I have been wrestling with the idea of making a project I'm working on free or not free and at first I was thinking I could release it free because its just a puzzle piece of my 'real' bigger project and if it worked ok than I'd know the code in my real project would work too (kind of tricking people into unwittingly being my test subjects (beta-testers) :sneaky: :p bwahahahaha...hmm). i'm not sure now if I'm going to do it that way though...

So, can anybody tell me how they test their apps on OSes/platforms/versions of platforms maybe they don't have physically? I got a suggestion from another forum to go to an apple store and ask to try out my app that i'd have on a pendrive or something...but then I'd also have to go to a compusa or something and I'm not sure that I'd want to do that it would be embarrassing if they said NO o.O Also if there is a bug I couldn't keep going back home and fix it then come back again...they might get mad at me :blush:

I dabbled in palm os programming a while ago (I got to making hello world) anyways, they had this really great emulator that had a 'gremlins' feature that would basically randomly do all sorts of things to your app like press buttons keys etc. Is there something out there you guys use that does similar? I'm looking for mac os x 10.3.9, 10.4.9 and also linux x86, freebsd, ms windows all versions past 95 but I'd take any suggestions thanks!

Mainly I'd love to hear what somebody (1 person or so team) does (did) out there for their beta testing of a real in the wild app please!

DoG
2007.06.04, 06:11 AM
As you have no other choice, your best bet is finding people on the net, either by posting an announcement to these forums, or finding people on irc/aim/whatever floats your boat. Of course, if you happen to have nearby friends with machines to test on, all the better.

If you're working on stuff for an embedded platform, emulators are of course handy, but smashing random keys on a Desktop OS doesn't really work for testing.

maximile
2007.06.04, 02:58 PM
...they had this really great emulator that had a 'gremlins' feature that would basically randomly do all sorts of things to your app like press buttons keys etc.

Sounds similar to MonkeyLives (http://folklore.org/StoryView.py?project=Macintosh&story=Monkey_Lives.txt&sortOrder=Sort%20by%20Date&detail=medium&search=monkey).

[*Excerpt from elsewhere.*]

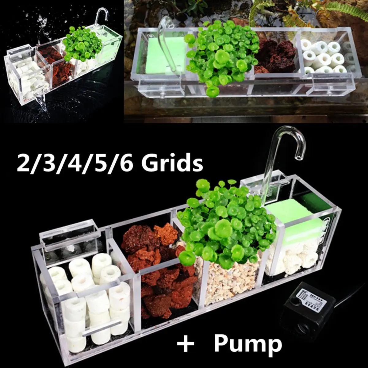 Special Offer Caja de filtro de acuario de acrílico, bomba de agua, purificador de agua externo colgante, accesorios de filtros de jaula para mascotas acuáticas, 2 6 rejillas Discount 44% Today!

Not helpful to your situation of course, but an interesting read (as are most of the things on folklore.org (http://www.folklore.org/)).

PowerMacX
2007.06.04, 05:51 PM
they had this really great emulator that had a 'gremlins' feature that would basically randomly do all sorts of things to your app like press buttons keys etc. Is there something out there you guys use that does similar?

I don't have one, but I heard that a cat + a keyboard (http://www.youtube.com/watch?v=w9YNhs-RSs4) can have that effect... :P

mac_girl
2007.06.05, 02:36 PM
I don't have one, but I heard that a cat + a keyboard (http://www.youtube.com/watch?v=w9YNhs-RSs4) can have that effect... :P

ya, I know that one unfortunately =/

macnib
2007.06.14, 03:15 PM
Ya, testing is difficult. The engineer/programmer can never completely know all the issues beforehand.

I'd say:

1. Test with close friends who have macs and are not programmers. Problem is not many people have macs.

2. Make sure you have a good lab at home with a wide range of hardware. x86/PPC etc. Try to have the different machine / video card combinations. Try to pick video cards that represent the market as much as possible. I vaguely recall in the past Apple has a lab for developers with all the different kinds of hardware.(?)

3. OpenGL Profiler has settings for different video cards. I think the list of cards has not been updated for a while. But I think this changes the limits in OpenGL. So, this might catch something.

4. Try to regression test as much as possible.

Make a matrix with major variables. For instance, two columns which are ppc and x86. Then 3 rows ati, nvidia and intel. Sad part is this matrix use to be 1x2 but now 2 x 3! I suppose one could even add another dimension to the matrix which is has shading capability or no shading capability. So, the platform is getting exponentially more complicated -- drives gamers to consoles.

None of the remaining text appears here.